### Exercise goal
Without the pictures, print the lines running from the beginning of the material to the line containing "Материал клинка: Для", both ends included.

### The records
######
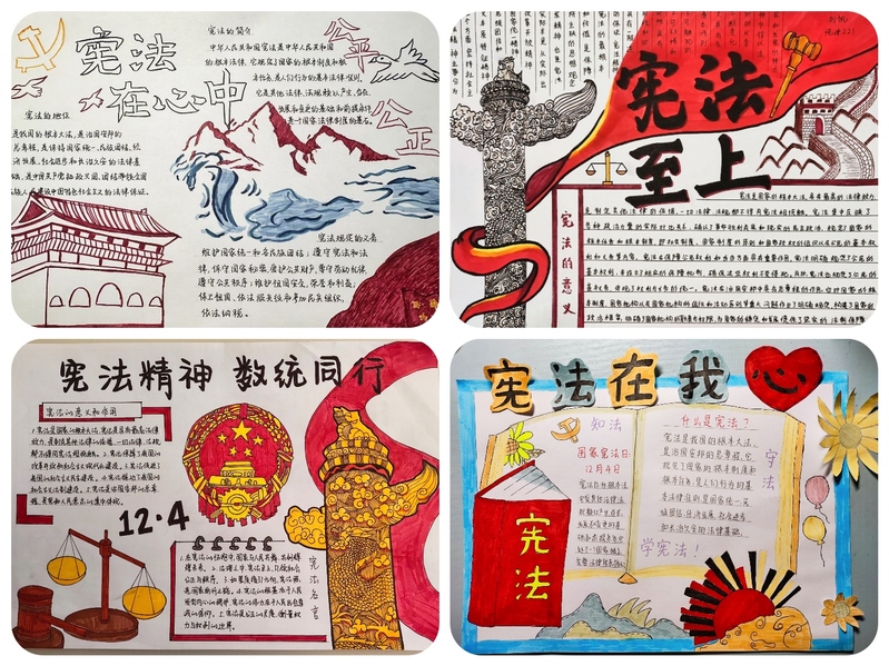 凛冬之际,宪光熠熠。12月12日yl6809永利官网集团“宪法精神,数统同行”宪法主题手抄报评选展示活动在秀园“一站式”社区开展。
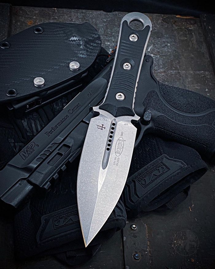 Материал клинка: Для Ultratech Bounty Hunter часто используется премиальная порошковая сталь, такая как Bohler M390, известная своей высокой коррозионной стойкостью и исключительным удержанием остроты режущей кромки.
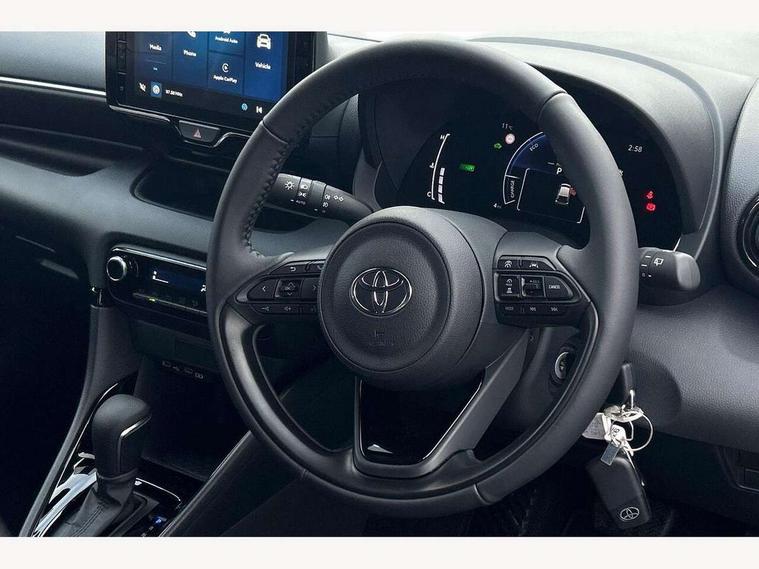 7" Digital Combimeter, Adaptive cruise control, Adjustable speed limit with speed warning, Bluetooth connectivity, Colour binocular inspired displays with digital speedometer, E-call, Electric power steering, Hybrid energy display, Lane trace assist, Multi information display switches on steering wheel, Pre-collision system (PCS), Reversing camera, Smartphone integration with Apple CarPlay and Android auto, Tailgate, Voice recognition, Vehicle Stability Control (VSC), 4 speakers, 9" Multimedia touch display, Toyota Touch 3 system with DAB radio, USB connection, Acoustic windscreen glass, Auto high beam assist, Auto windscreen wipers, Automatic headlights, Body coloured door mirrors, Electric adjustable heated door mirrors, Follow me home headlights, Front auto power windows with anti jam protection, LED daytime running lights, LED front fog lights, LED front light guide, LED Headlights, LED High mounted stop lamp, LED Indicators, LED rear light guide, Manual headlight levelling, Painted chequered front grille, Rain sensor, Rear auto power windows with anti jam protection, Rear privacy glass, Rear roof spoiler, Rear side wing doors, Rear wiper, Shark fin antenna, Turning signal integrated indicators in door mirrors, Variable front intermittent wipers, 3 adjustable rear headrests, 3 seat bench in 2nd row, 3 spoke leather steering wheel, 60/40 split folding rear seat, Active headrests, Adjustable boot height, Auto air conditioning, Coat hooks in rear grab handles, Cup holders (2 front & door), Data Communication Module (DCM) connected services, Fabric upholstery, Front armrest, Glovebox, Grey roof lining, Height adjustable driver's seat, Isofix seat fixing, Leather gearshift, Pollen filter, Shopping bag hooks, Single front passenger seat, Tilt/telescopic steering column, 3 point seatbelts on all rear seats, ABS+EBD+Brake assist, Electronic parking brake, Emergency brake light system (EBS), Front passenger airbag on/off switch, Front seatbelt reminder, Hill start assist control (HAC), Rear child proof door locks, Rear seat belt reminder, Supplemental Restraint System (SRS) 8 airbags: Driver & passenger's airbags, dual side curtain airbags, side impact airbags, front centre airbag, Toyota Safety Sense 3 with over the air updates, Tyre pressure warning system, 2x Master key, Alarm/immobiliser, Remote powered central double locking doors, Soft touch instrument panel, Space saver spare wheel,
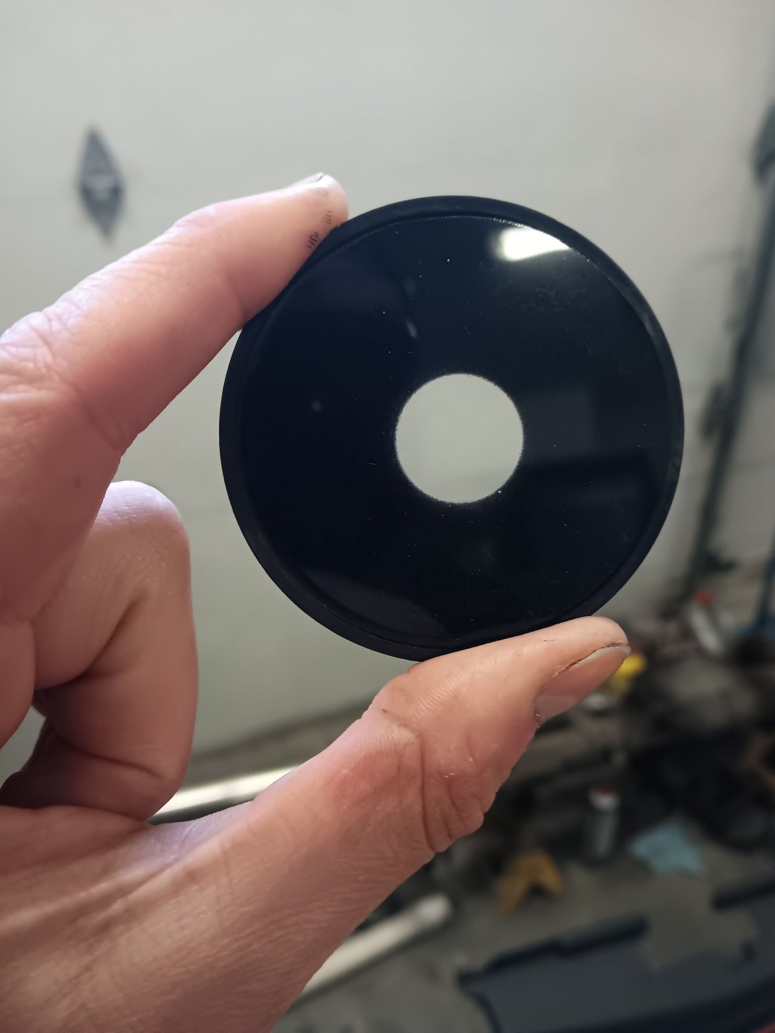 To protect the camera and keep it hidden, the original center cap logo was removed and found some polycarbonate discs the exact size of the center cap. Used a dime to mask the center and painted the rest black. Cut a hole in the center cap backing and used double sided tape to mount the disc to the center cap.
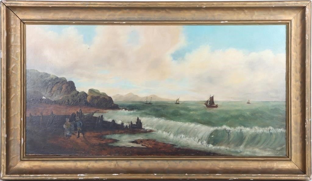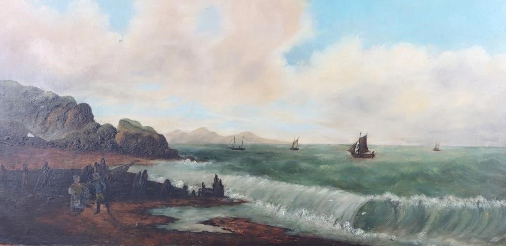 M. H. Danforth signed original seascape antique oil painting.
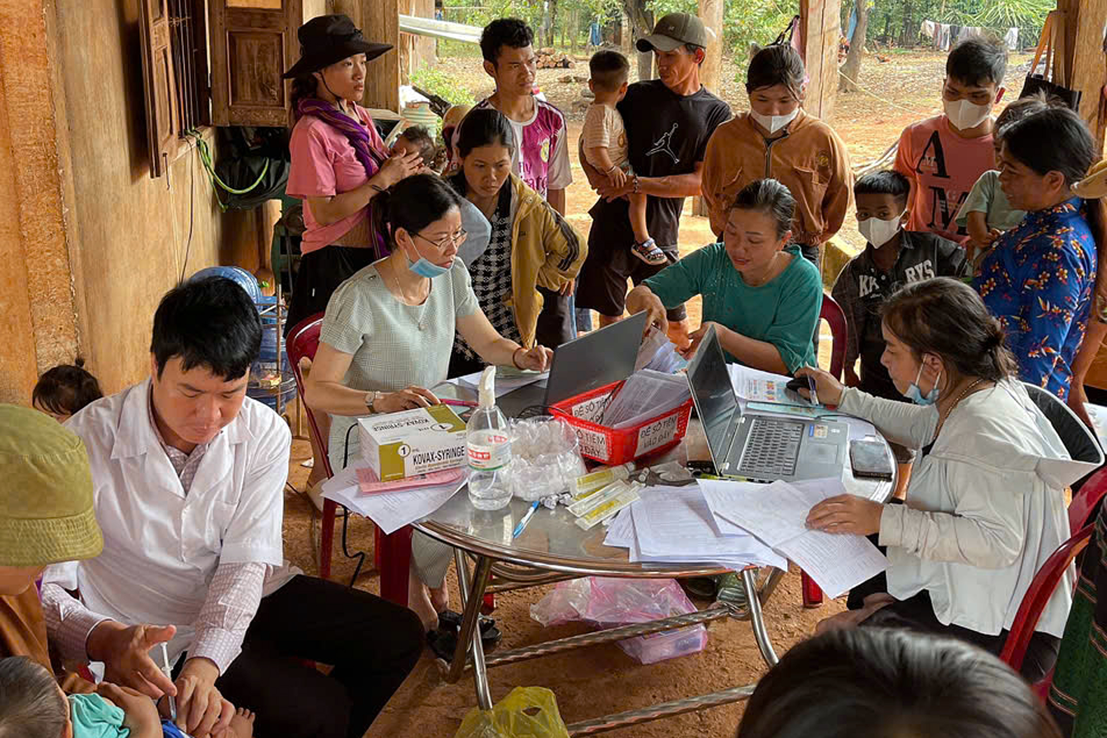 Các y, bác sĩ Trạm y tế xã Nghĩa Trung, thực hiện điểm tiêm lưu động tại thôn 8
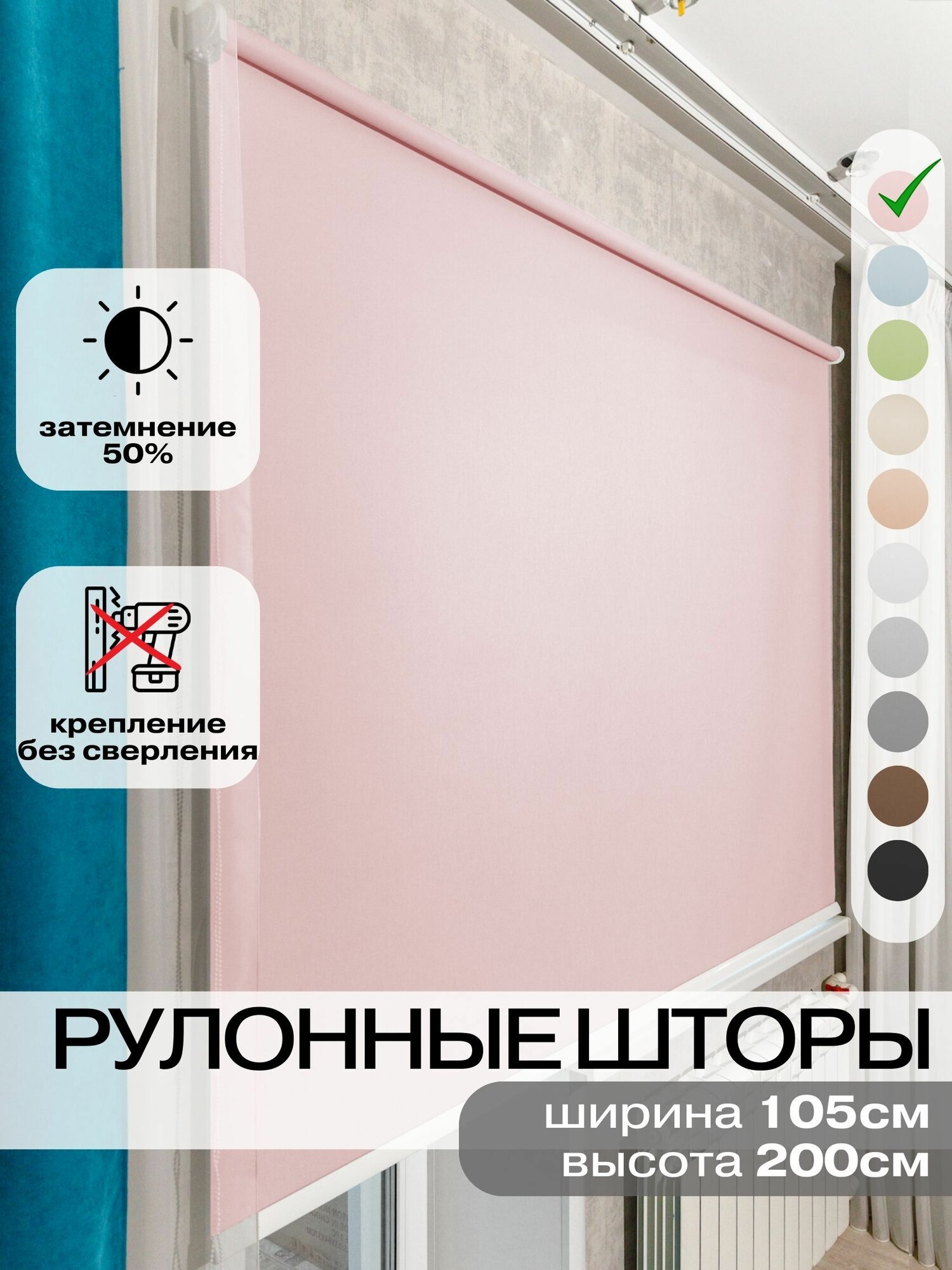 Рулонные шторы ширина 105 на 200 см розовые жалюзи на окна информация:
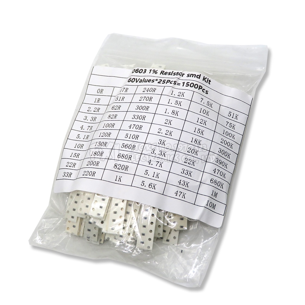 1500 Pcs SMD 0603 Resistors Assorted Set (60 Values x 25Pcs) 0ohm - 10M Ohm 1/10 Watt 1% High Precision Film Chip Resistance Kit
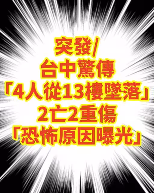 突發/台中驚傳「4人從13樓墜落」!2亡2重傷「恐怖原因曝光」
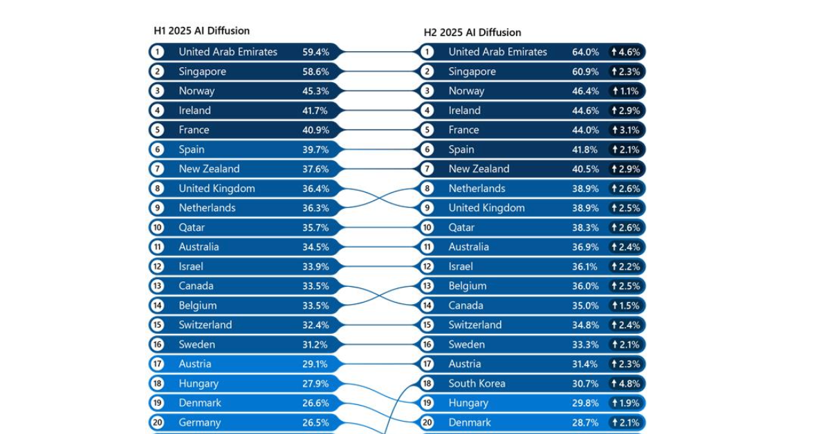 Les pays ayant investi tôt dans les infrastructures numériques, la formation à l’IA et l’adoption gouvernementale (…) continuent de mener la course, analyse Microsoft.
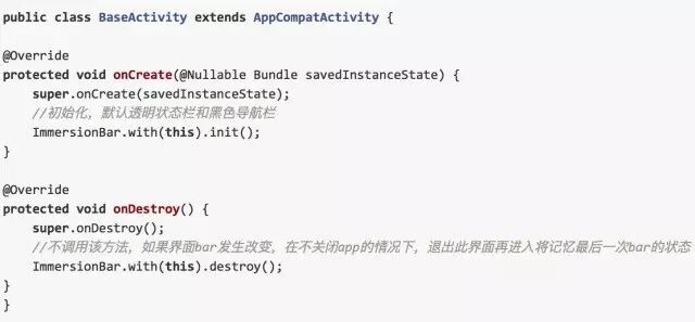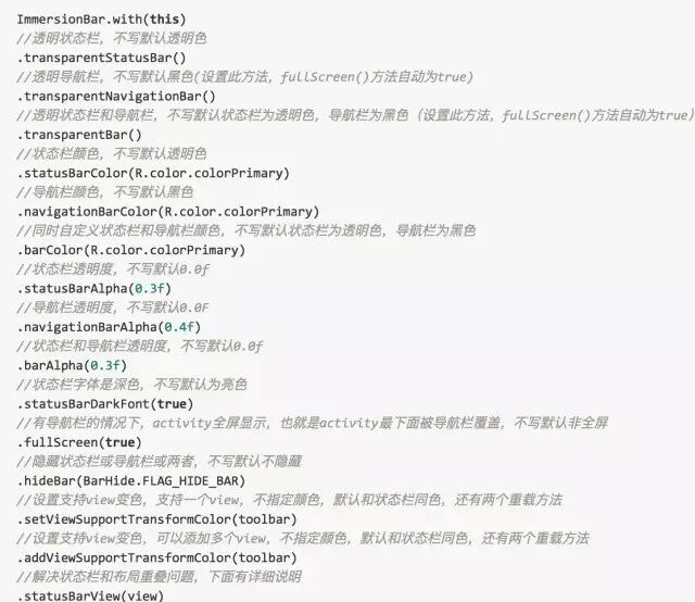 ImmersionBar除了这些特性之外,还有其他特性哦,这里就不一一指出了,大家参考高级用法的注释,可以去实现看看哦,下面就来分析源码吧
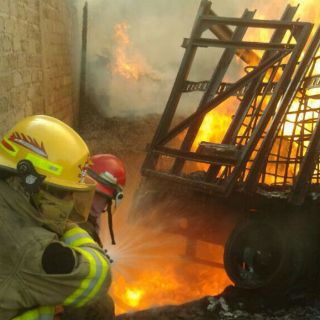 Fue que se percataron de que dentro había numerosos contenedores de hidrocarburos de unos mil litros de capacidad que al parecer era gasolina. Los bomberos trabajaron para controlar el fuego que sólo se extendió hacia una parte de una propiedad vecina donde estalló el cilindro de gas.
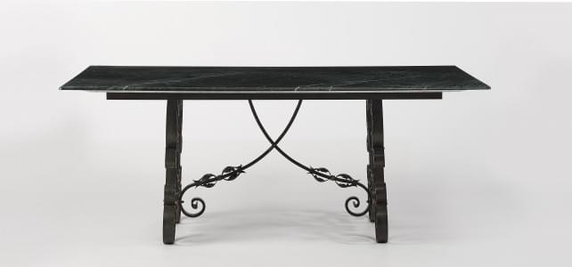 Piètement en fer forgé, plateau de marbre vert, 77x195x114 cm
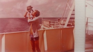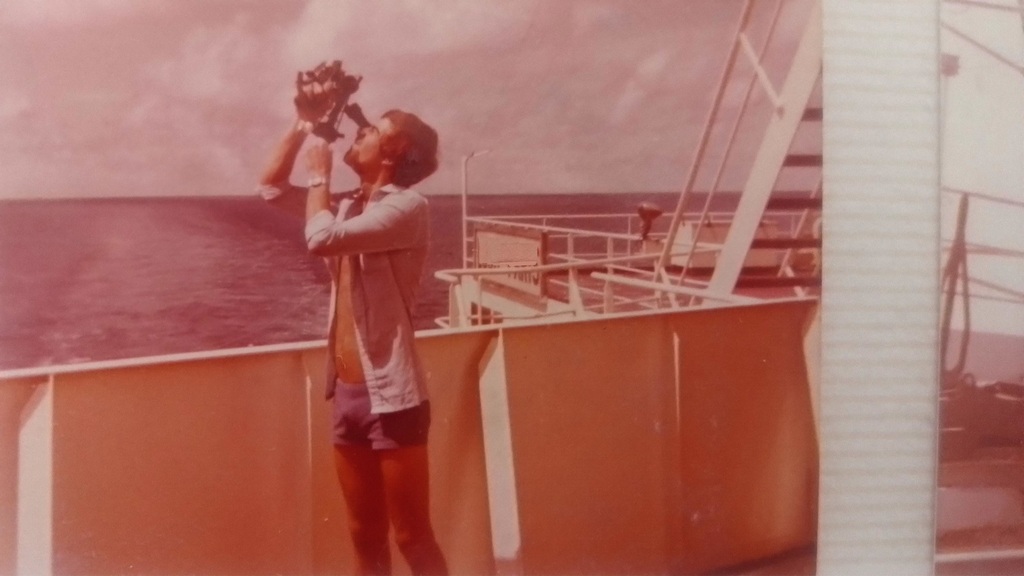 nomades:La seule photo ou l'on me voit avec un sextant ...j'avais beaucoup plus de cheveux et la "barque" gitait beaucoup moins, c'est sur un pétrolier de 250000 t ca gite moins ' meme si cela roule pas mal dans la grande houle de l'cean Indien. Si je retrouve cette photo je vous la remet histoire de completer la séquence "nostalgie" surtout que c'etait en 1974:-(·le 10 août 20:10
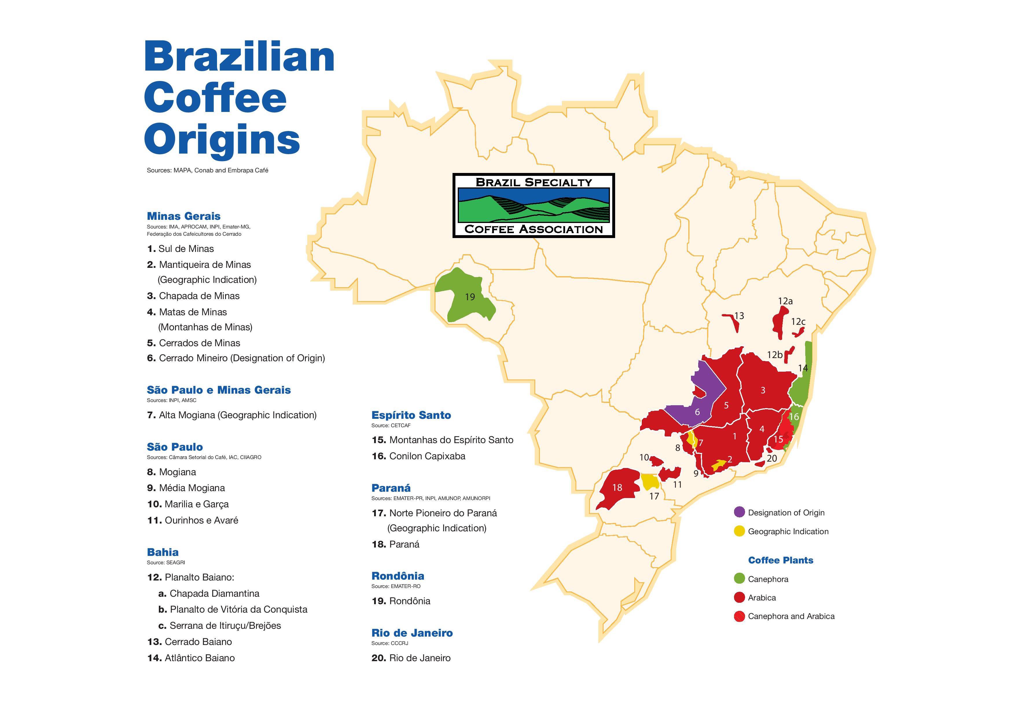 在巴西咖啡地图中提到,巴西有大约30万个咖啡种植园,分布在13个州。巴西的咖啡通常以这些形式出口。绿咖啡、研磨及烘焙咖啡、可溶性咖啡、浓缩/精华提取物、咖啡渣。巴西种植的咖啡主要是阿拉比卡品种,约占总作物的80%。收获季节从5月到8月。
######
### Problem solution
 凛冬之际,宪光熠熠。12月12日yl6809永利官网集团“宪法精神,数统同行”宪法主题手抄报评选展示活动在秀园“一站式”社区开展。
 Материал клинка: Для Ultratech Bounty Hunter часто используется премиальная порошковая сталь, такая как Bohler M390, известная своей высокой коррозионной стойкостью и исключительным удержанием остроты режущей кромки.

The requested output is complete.